No, people should know better than to write regexes like /X(.+)+X/, with gratuitous doubly-nested "+" characters. :-) This code performs fine when written as /X(.+)X/, and it matches the same set of strings.

Regexp engines are subtle beasts, and there's a couple different ways to implement them (DFAs vs NFAs, simple engines vs lots of clever special cases, etc.). See O'Reilly's "Mastering Regular Expressions" for an exhaustive discussion.


Interesting. Any other recommendations on how to secure regex's that take in user input in Ruby/Rails?

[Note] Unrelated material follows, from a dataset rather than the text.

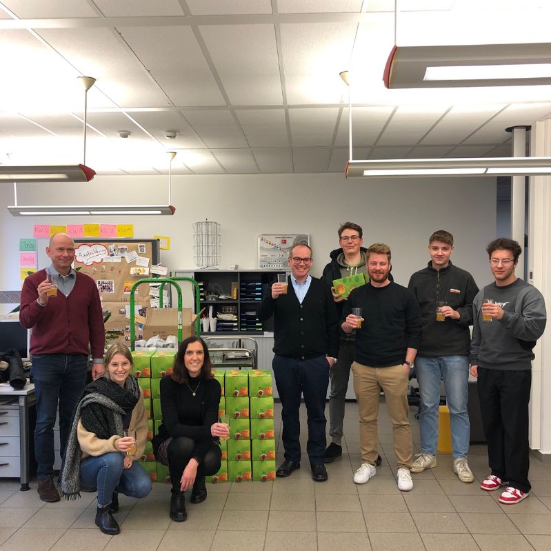 Es sind ganze 40 Beutel à 5 Liter, die nun im B.Our Shop an unsere Mitarbeiter*innen verkauft werden konnten. Zum Verkaufsstart kamen auch Geschäftsführer Hans-Christian Müller (4. v. l.) und Personalleiterin Carolin Schmidt (3. v. l.) vorbei, um den Bio-Apfelsaft zu verkosten.

First of all you should think hard before taking regexes from users. Even if you do it correctly you'll still (presumably) need to search over your entire dataset, instead of doing something more lightweight like rely on SQL indexes. Use it with care.

You should use a regex engine that's explicitly designed to take potentially hostile input. Like the Plan9 engine, or Google's re2 engine which powers Google Code Search.

You can also just use Ruby's dangerous PCRE engine if you do something like forking off another process with strict ulimits which executes the regex for you. Then you can just kill it if it starts running away with your resources. Look into how e.g. evaluation bots that work on the popular IRC channels on FreeNode are implemented. POE::Component::IRC::Plugin::Eval on the CPAN is a good example.


This assumes that PCRE doesn't still contain memory corruption flaws, despite not being heavily tested, and being in effect a programming language interpreter. Tavis Ormandy found a couple serious problems a few years ago.

I'd just scrub the hell out of strings before passing them to a regex engine.


Even if it does it's a pretty remote possibility that it'll be exploitable if you limit the input to say 100 bytes. Pretty hard to get a Perl or Ruby level program of that size to exploit some memory corruption at the C level.


Good advice, thanks you two!


It just seems to me that if Perl's regex engine handles this without a problem, and Ruby's implementation freaks out, something should be improved about the Ruby one.